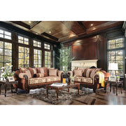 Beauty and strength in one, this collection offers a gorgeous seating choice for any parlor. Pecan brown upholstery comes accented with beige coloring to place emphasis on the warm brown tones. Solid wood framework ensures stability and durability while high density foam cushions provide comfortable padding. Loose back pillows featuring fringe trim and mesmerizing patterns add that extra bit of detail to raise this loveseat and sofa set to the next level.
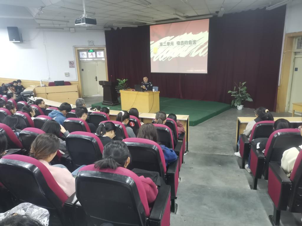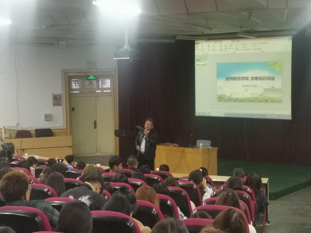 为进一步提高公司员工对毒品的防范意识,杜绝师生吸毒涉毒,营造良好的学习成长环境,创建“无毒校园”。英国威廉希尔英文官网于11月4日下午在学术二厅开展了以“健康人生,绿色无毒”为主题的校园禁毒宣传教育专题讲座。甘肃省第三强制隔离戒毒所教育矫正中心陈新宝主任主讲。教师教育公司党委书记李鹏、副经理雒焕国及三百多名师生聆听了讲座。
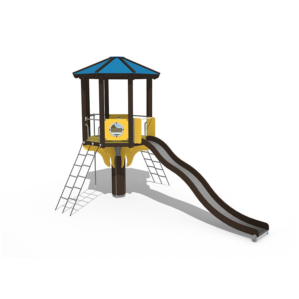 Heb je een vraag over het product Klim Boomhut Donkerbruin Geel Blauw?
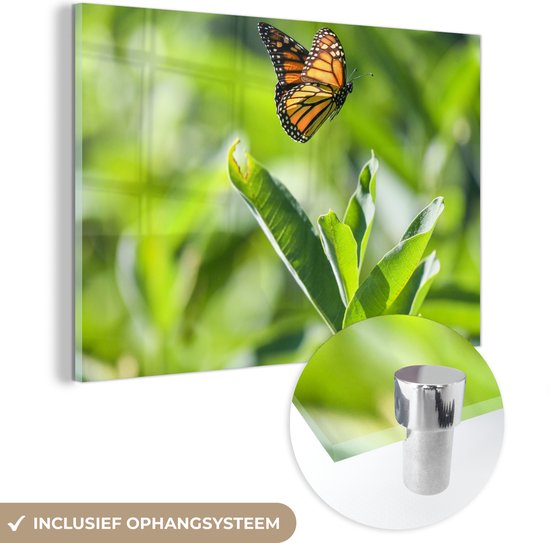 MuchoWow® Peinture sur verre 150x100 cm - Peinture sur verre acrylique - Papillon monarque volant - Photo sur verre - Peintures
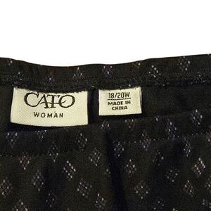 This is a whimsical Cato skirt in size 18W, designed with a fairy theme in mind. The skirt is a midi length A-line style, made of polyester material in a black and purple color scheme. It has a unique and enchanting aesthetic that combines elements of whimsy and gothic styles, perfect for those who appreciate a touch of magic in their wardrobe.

*-*-*

### Exercise
Excluding the pictures, retype the line containing "为进一步提高公司员工对毒品的" and all lines after it down to the end of the data above.

### Answer space
 为进一步提高公司员工对毒品的防范意识,杜绝师生吸毒涉毒,营造良好的学习成长环境,创建“无毒校园”。英国威廉希尔英文官网于11月4日下午在学术二厅开展了以“健康人生,绿色无毒”为主题的校园禁毒宣传教育专题讲座。甘肃省第三强制隔离戒毒所教育矫正中心陈新宝主任主讲。教师教育公司党委书记李鹏、副经理雒焕国及三百多名师生聆听了讲座。
 Heb je een vraag over het product Klim Boomhut Donkerbruin Geel Blauw?
 MuchoWow® Peinture sur verre 150x100 cm - Peinture sur verre acrylique - Papillon monarque volant - Photo sur verre - Peintures
 This is a whimsical Cato skirt in size 18W, designed with a fairy theme in mind. The skirt is a midi length A-line style, made of polyester material in a black and purple color scheme. It has a unique and enchanting aesthetic that combines elements of whimsy and gothic styles, perfect for those who appreciate a touch of magic in their wardrobe.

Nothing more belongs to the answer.